Oil recovered after its biggest decline in more than a week on signs U.S. shale supply growth is slowing, and expectations that OPEC’s output cuts are well on their way to balancing the market.
West Texas Intermediate futures added 0.8 percent, having slipped more than 2 percent on Tuesday. Growth in U.S. shale output is set to slow next month, according to the Energy Information Administration. BP Plc Chief Executive Officer Bob Dudley said that production cuts by OPEC and its allies should eventually lead to a balanced oil market in 2019.
“The oil market is set to be dominated by a much tighter balance in 2019,” said Helge Andre Martinsen, senior oil analyst at DNB ASA.
Crude has got off to its best start to a year since 2001 on hopes OPEC and allied producers will cut enough output to shrink a glut. However, forecasts for slower global economic growth are threatening that rally.

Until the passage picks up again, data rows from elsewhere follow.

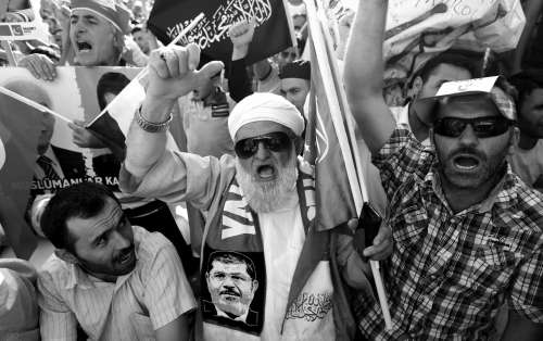 当地时间7月14日,土耳其民众在伊斯坦布尔集会声援埃及被罢黜总统穆尔西。图片来源 CFP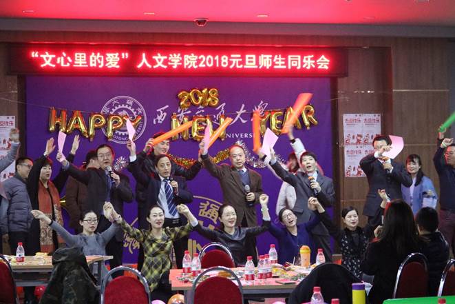 最后,本次晚会在学院领导和行政老师的歌曲串烧中圆满落幕。祈盼2018,愿你我携手共进,齐心协力,为人文之光,为世界之光!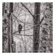 A black and white photograph of a hawk perched on a branch in a group of trees. Image Copyright ©2024 Kimberly J Tilley. zazzle.com/store/developingnature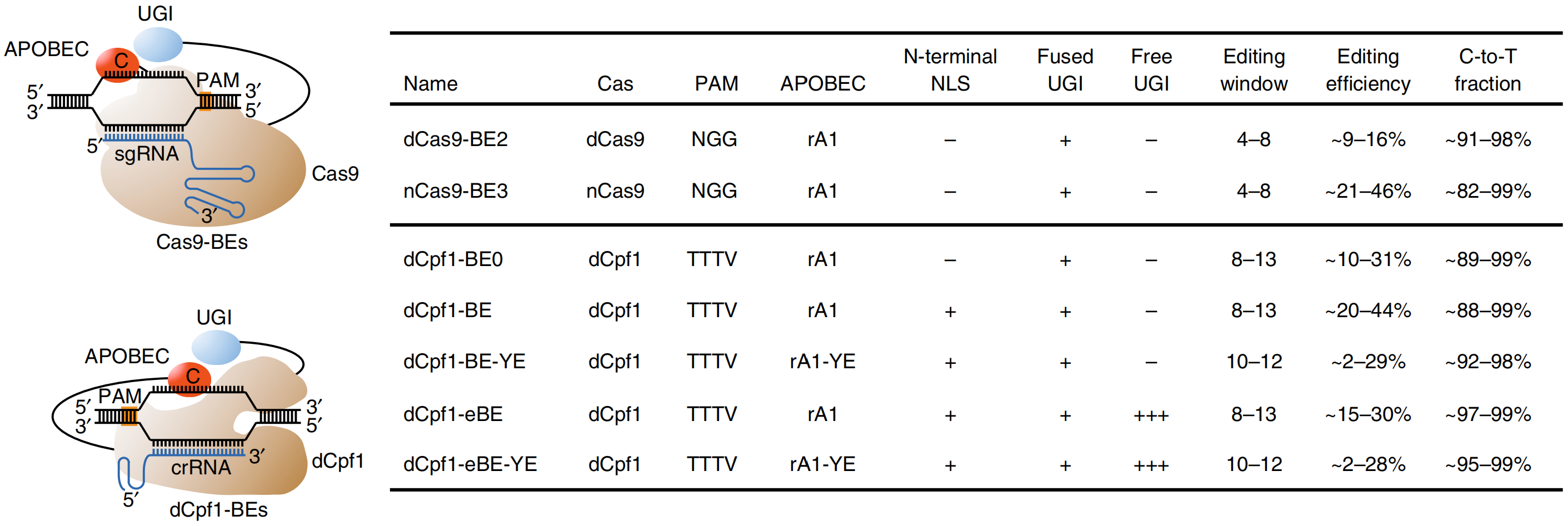 Cas9碱基编辑器与Cpf1碱基编辑器的特点比较

A sharp slowdown, led by China, could weigh heavily on oil consumption even though demand is continuing to increase, International Energy Agency Executive Director Fatih Birol said.
West Texas Intermediate crude for March delivery traded 41 cents higher at $53.42 a barrel on the New York Mercantile Exchange as of 11:44 a.m. London time. The February contract expired on Tuesday after slumping 2.3 percent to $52.57.

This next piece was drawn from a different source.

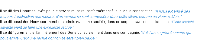 Définition de « recrue » de source académique (Académie Française, parution de 1932).

Brent for March settlement rose 47 cents to $61.97 a barrel on the London-based ICE Futures Europe exchange after dropping 2 percent on Tuesday. The global benchmark crude was at an $8.58 premium to WTI.
Global oil demand remains on course to expand “above or around” 1 million barrels a day, but “there are of course a couple of uncertainties, including the weakening of the global economic growth, especially China,” Birol said in a Bloomberg television interview in Davos, Switzerland.
OPEC and its allies are probably doing enough to balance crude supply and demand this year, and “I’m not worried” about the oil market, BP’s Dudley said in an interview.
Other oil-market news: Oil output from Colorado to Oklahoma has surged to records amid a recovery in crude prices from the crash that began in 2014, but the Eagle Ford shale field in Texas has fallen behind the pack. In their quest to make one of the most expensive methods of producing crude more profitable, Canada’s oil-sands companies have been ramping up efforts to get their bitumen to flow through pipelines more easily and cheaply. China’s Cnooc Ltd. plans to shell out the most money in five years to boost oil and gas supply, helping to fulfill President Xi Jinping’s aim for the top energy user to become more self-sufficient.